To do - Set down only these lines, exactly: the line containing "Serveur Temps - Précision" and all lines through the end of the data below. Omit pictures.
Start of Block
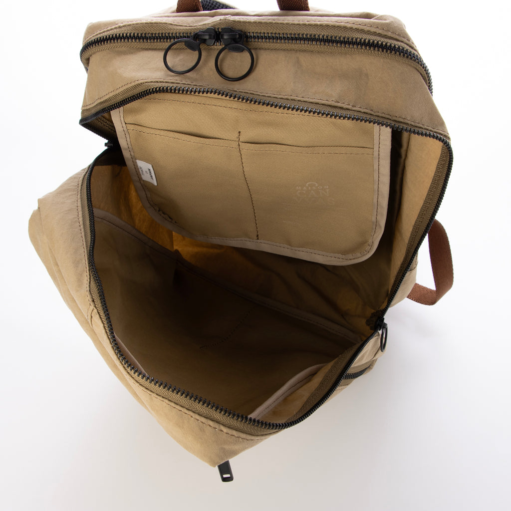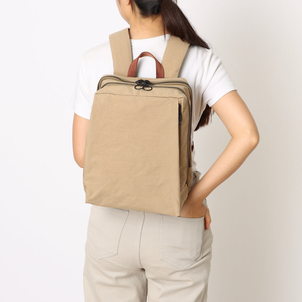 シンプルなデザインに機能性を備えたスクエア型バックパック。
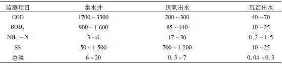 NH3-N 在厭氧出水后升高是由于厭氧反應的過程中,大量的有機氮轉變?yōu)榘钡斐傻摹谋? 可以看出,厭氧對COD 的去除率可以達到90%以上,BOD、氨氮、SS 和總磷等各項指標均可以達到90%以上的去除率,并實現穩(wěn)定達標。
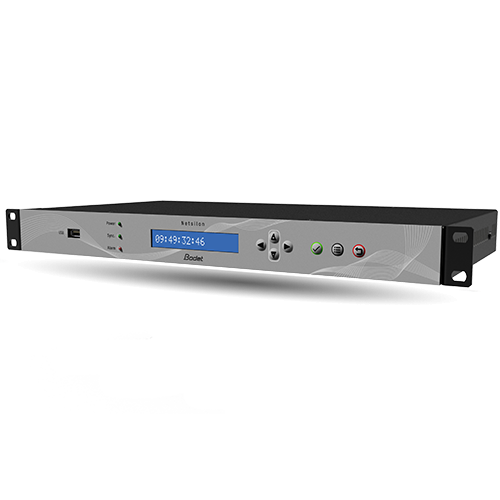 Serveur Temps - Précision : 1X10 - 11/jour avec OCXO - Holdover après 24h : 15µs - Entrée : GNSS - Sorties : - PPS - 10MHz - NTP - 4 slots pour cartes options - Alarmes : SNMP et emails, page web embarquée - Rack : 19 pouces 1U - Double alimentation : 2x 100 - 230V AC
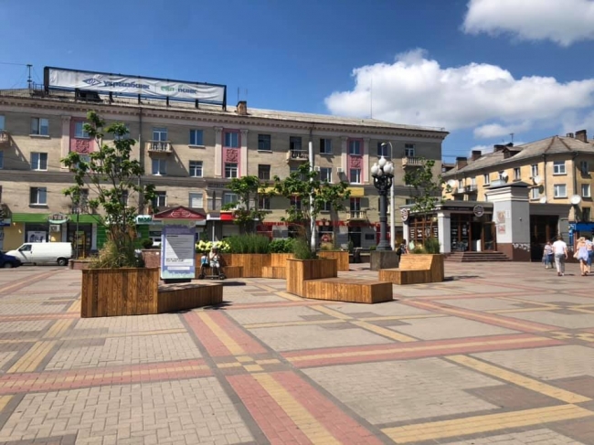 У Рівному успішно прийнялася зелень, яку посадили в тумбах на Театральній площі.
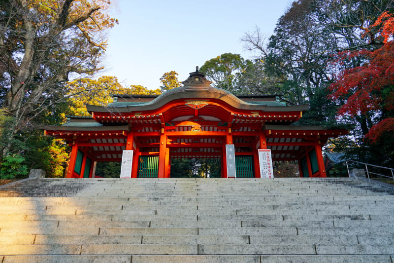 秋に佐原を訪れたなら、周辺の紅葉スポットにも合わせて立ち寄ってみて。車で20 分ほどの『香取神宮』は、国内に約400近くある香取神社の総本社でパワースポットとしても知られています。参道や境内では、イチョウや楓がきれいな色に染まる姿を鑑賞できます。
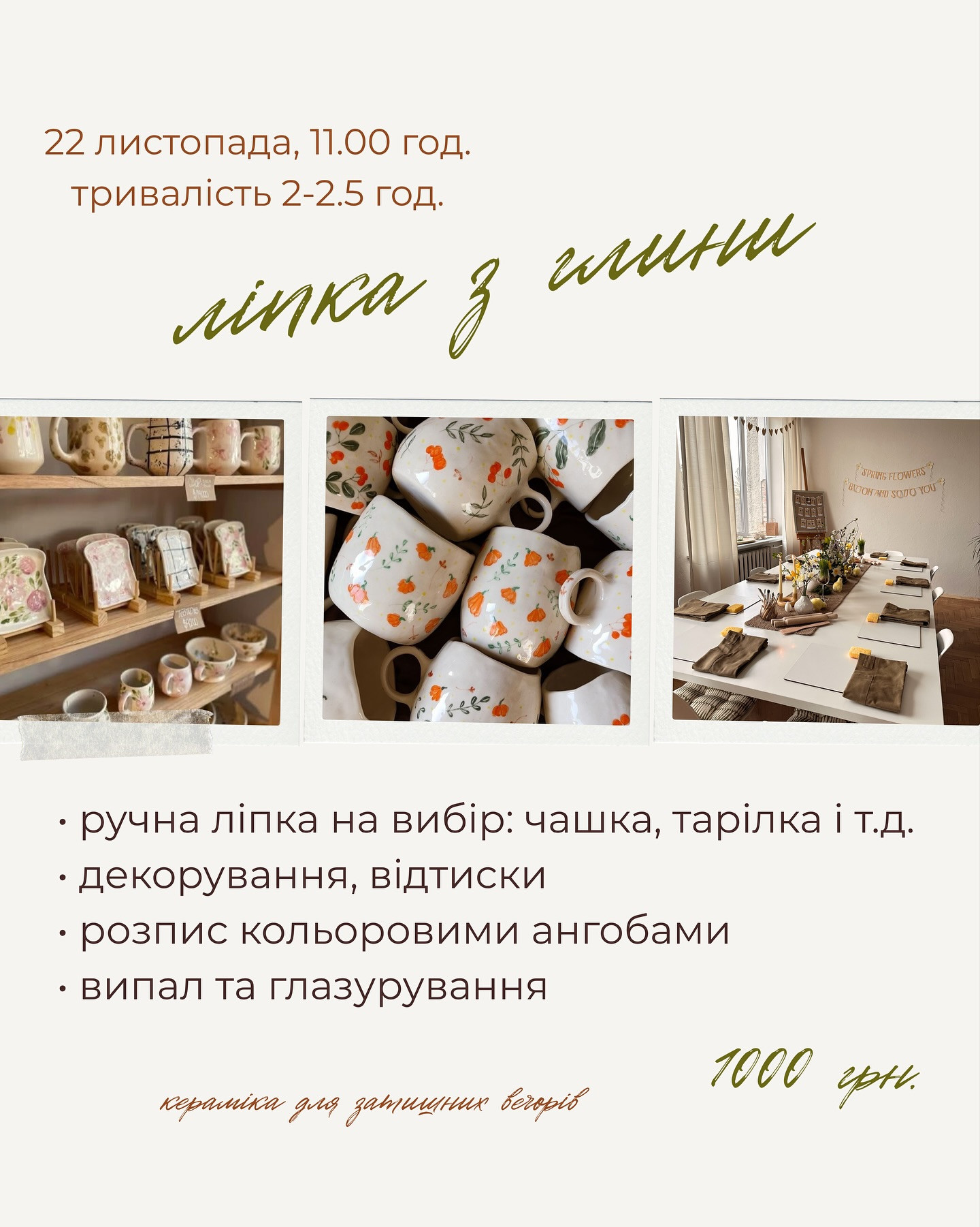Запрошуємо на майстер-клас "Ліпка з глини".
End of Block
Solution -
 Serveur Temps - Précision : 1X10 - 11/jour avec OCXO - Holdover après 24h : 15µs - Entrée : GNSS - Sorties : - PPS - 10MHz - NTP - 4 slots pour cartes options - Alarmes : SNMP et emails, page web embarquée - Rack : 19 pouces 1U - Double alimentation : 2x 100 - 230V AC
 У Рівному успішно прийнялася зелень, яку посадили в тумбах на Театральній площі.
 秋に佐原を訪れたなら、周辺の紅葉スポットにも合わせて立ち寄ってみて。車で20 分ほどの『香取神宮』は、国内に約400近くある香取神社の総本社でパワースポットとしても知られています。参道や境内では、イチョウや楓がきれいな色に染まる姿を鑑賞できます。
Запрошуємо на майстер-клас "Ліпка з глини".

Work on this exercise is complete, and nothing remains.